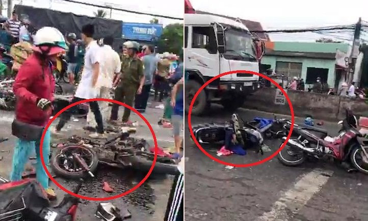 Hàng loạt xe máy đang dừng chờ đèn đỏ bị xe container tông thẳng, cuốn vào gầm khiến nhiều người thương vong tại ngã tư Kim Long, huyện Bến Lức, tỉnh Long An.
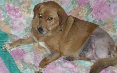 Half of her left hind leg was gone, and she was beaten up pretty badly.
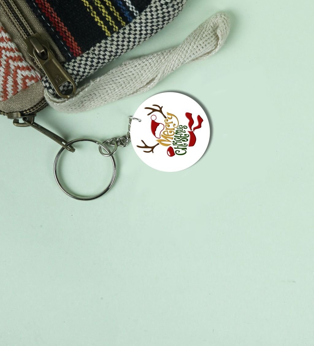 Cute Christmas Reindeer with Festive Message Printed Round Keychain Pack of 2
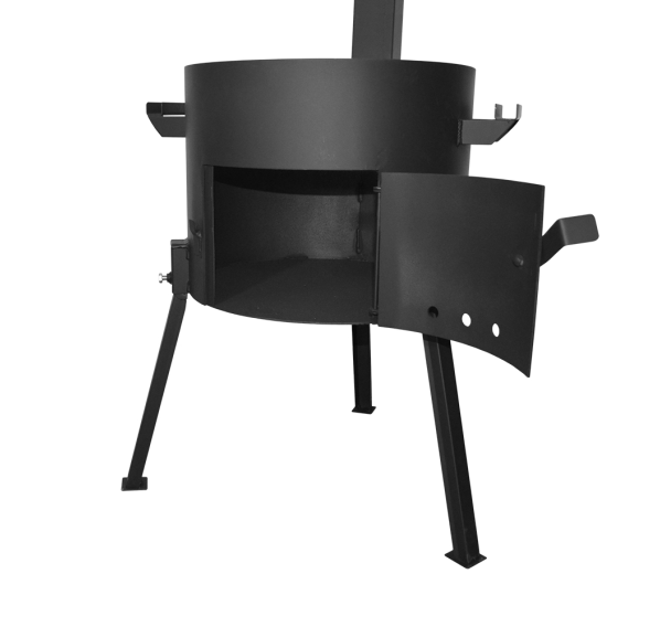 Печь под казан «Искра 350» с дымоходом предназначена для использования казанов на 8 л и 10 л. Изготавливается печь из качественной стали толщиной 2 мм, покрытой специальной жаропрочной эмалью. Толстая качественная сталь, доступная цена, съёмные ножки, съёмная труба и заслонка дымохода — преимущества, ради которых стоит купить печь для казана «Искра 350».
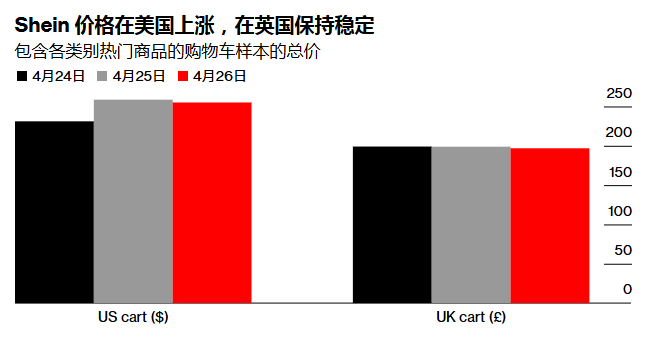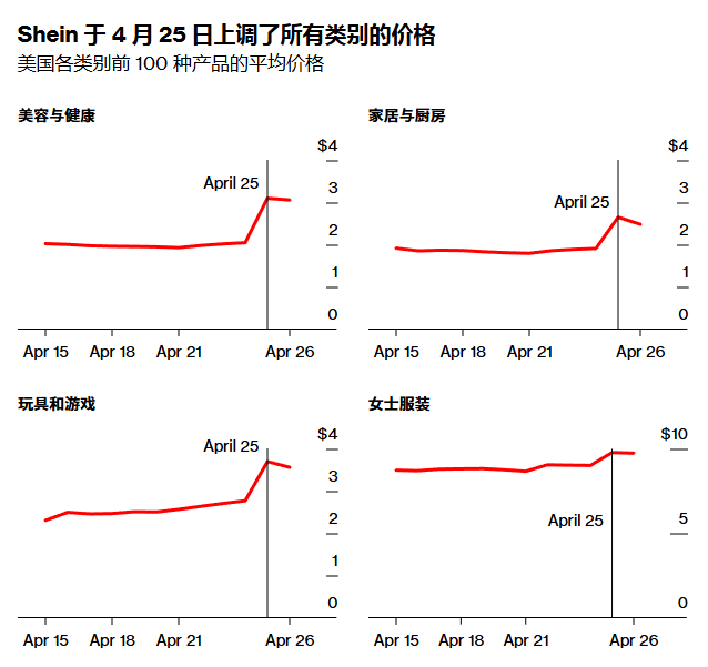 根据媒体抽样数据显示,在4月24日至26日期间,Shein在美国的整体价格平均上涨了约10%。关税的实施对美国消费者产生了显著影响。
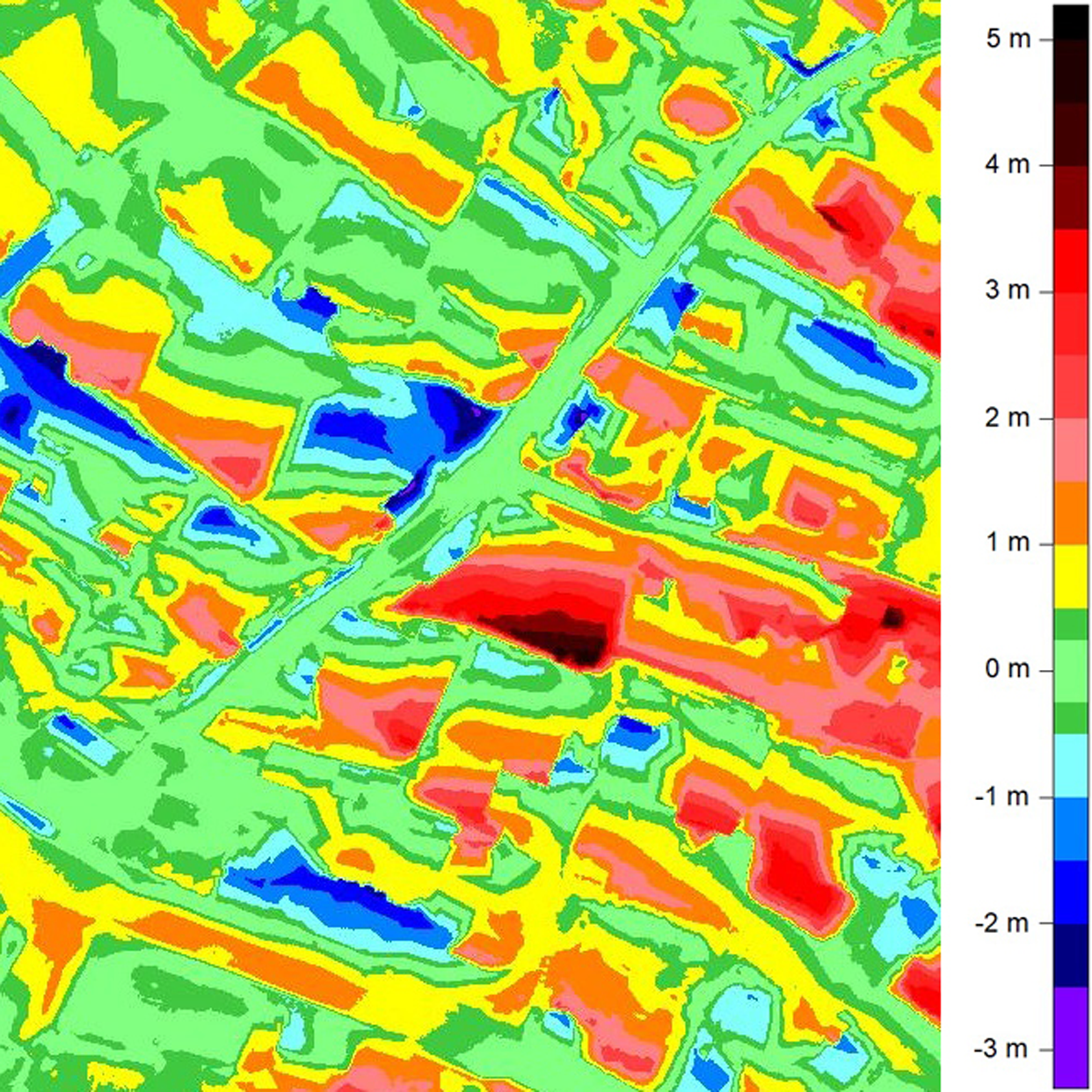 - Analyse von Geländeveränderungen durch Terrassierungen, Aufschüttungen oder Abgrabungen
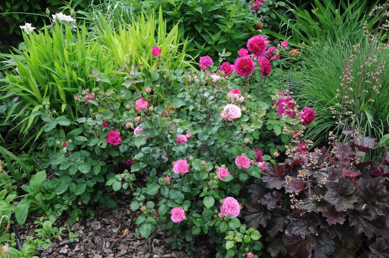 , głównie krzaczki lub same kwiatki, czasem w towarzystwie bylin. Prawda jest taka, że jak mam jakies zastrzeżenie do jakiegoś połączenia, to omijam aparatem, ewentualnie pokazuję tylko szczegóły. Ta tendencja świadczy o tym, ze jednak kompozycja jest dla mnie najważniejsza i jeśli są w niej braki, nieścisłości, czy niekonsekwencja, to jej nie pokazuję. Do tego nie wszystkie kompozycje wyglądają tak, jak w moich wyobrażeniach, a często przypadkowe zestawienia są tak trafione, jak sama nigdy bym na to nie wpadła. Dlatego znalazłam jeszcze trzy obrazki (tylko trzy), ale zawsze mogę zasypać Was zdjęciami pojedynczych róż
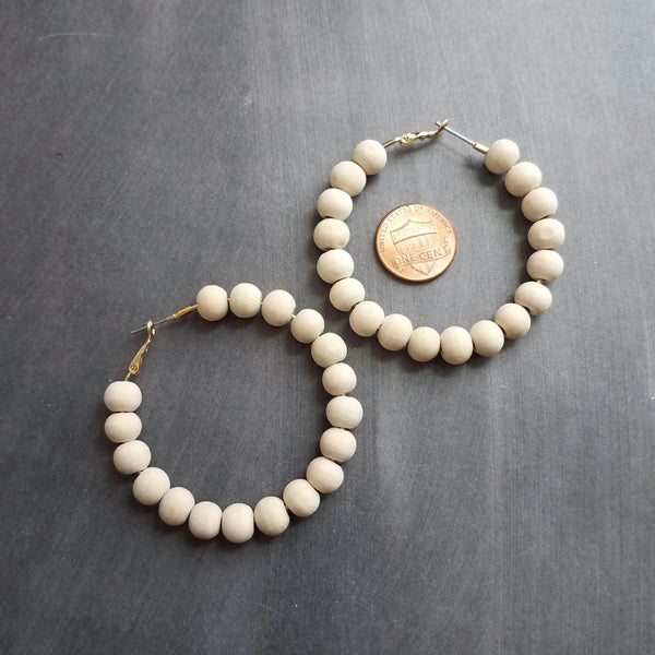 Estos aretes tienen aproximadamente 1,35 pulgadas {35 mm} de diámetro. Cada cuenta de madera tiene aproximadamente 0,27 de diámetro.
+---+
**What is expected**
The answer must consist only of the lines from the beginning of the entries above through the line that holds "Cute Christmas Reindeer", reproduced exactly and without pictures.

**Final answer**
 Hàng loạt xe máy đang dừng chờ đèn đỏ bị xe container tông thẳng, cuốn vào gầm khiến nhiều người thương vong tại ngã tư Kim Long, huyện Bến Lức, tỉnh Long An.
 Half of her left hind leg was gone, and she was beaten up pretty badly.
 Cute Christmas Reindeer with Festive Message Printed Round Keychain Pack of 2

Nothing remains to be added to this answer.